WORK INSTRUCTION: Copies of all lines containing the string "chicken" are needed from the data below.

(RECORD EXTRACTS begins)

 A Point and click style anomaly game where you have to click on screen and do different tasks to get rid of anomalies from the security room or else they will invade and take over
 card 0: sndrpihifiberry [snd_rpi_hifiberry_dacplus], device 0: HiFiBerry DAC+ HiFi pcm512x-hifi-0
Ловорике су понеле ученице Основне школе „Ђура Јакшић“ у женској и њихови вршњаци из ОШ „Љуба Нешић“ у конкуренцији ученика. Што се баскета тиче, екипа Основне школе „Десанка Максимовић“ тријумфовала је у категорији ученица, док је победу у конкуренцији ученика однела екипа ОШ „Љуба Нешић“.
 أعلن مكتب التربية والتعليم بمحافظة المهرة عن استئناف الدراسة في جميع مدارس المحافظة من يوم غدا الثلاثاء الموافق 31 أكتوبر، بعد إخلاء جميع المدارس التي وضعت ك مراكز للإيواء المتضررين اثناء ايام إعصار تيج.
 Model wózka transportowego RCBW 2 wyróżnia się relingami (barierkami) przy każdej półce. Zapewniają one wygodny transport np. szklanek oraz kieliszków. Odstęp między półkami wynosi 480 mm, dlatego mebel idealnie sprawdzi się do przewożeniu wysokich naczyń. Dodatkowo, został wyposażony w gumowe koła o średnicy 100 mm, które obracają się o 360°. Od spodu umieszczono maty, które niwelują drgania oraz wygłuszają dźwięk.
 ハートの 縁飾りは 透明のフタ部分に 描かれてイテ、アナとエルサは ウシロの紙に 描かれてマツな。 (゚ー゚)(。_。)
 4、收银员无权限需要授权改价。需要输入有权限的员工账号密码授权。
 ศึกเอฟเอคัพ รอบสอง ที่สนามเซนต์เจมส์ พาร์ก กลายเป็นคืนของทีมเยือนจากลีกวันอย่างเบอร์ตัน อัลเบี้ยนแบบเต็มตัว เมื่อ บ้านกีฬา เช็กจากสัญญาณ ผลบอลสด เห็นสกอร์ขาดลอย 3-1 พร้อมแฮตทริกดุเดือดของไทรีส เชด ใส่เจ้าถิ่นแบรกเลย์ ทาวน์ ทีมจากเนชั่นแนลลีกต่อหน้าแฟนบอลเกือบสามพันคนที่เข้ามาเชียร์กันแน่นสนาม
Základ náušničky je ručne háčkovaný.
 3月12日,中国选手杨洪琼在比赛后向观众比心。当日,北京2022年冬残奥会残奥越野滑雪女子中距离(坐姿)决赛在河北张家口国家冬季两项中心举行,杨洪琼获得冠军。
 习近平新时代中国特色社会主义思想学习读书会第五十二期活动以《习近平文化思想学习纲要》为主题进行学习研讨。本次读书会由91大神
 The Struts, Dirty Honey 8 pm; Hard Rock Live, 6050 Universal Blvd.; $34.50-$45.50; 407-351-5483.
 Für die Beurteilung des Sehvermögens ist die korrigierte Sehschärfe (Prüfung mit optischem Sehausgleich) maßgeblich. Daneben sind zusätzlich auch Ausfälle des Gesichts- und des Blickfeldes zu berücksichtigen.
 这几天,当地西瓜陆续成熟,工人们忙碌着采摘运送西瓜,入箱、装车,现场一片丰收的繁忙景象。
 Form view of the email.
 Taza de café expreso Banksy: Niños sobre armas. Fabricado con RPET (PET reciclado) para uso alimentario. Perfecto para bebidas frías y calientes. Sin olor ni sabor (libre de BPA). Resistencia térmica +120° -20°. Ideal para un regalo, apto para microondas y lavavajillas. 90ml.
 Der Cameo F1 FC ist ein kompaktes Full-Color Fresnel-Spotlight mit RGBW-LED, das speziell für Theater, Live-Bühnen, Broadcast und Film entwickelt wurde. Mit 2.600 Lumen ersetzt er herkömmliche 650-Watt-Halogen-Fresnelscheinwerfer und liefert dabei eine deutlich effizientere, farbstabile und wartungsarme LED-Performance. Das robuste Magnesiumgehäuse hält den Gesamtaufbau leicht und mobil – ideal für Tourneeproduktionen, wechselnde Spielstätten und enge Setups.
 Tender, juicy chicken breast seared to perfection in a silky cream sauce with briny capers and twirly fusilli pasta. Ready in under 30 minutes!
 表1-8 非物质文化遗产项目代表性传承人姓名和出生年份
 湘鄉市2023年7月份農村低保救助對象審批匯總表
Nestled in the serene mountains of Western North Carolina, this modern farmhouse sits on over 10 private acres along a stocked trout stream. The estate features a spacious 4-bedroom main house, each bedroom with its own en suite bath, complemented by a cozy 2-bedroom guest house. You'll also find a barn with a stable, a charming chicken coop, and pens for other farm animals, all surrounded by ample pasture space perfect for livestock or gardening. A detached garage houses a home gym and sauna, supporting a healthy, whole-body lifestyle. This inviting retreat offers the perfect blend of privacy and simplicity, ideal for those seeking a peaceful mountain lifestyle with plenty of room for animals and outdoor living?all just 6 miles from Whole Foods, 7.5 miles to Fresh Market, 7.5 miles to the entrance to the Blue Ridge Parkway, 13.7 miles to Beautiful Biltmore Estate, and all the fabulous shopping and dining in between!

(RECORD EXTRACTS ends)

ANSWER FOR THE TASK:
 Tender, juicy chicken breast seared to perfection in a silky cream sauce with briny capers and twirly fusilli pasta. Ready in under 30 minutes!
Nestled in the serene mountains of Western North Carolina, this modern farmhouse sits on over 10 private acres along a stocked trout stream. The estate features a spacious 4-bedroom main house, each bedroom with its own en suite bath, complemented by a cozy 2-bedroom guest house. You'll also find a barn with a stable, a charming chicken coop, and pens for other farm animals, all surrounded by ample pasture space perfect for livestock or gardening. A detached garage houses a home gym and sauna, supporting a healthy, whole-body lifestyle. This inviting retreat offers the perfect blend of privacy and simplicity, ideal for those seeking a peaceful mountain lifestyle with plenty of room for animals and outdoor living?all just 6 miles from Whole Foods, 7.5 miles to Fresh Market, 7.5 miles to the entrance to the Blue Ridge Parkway, 13.7 miles to Beautiful Biltmore Estate, and all the fabulous shopping and dining in between!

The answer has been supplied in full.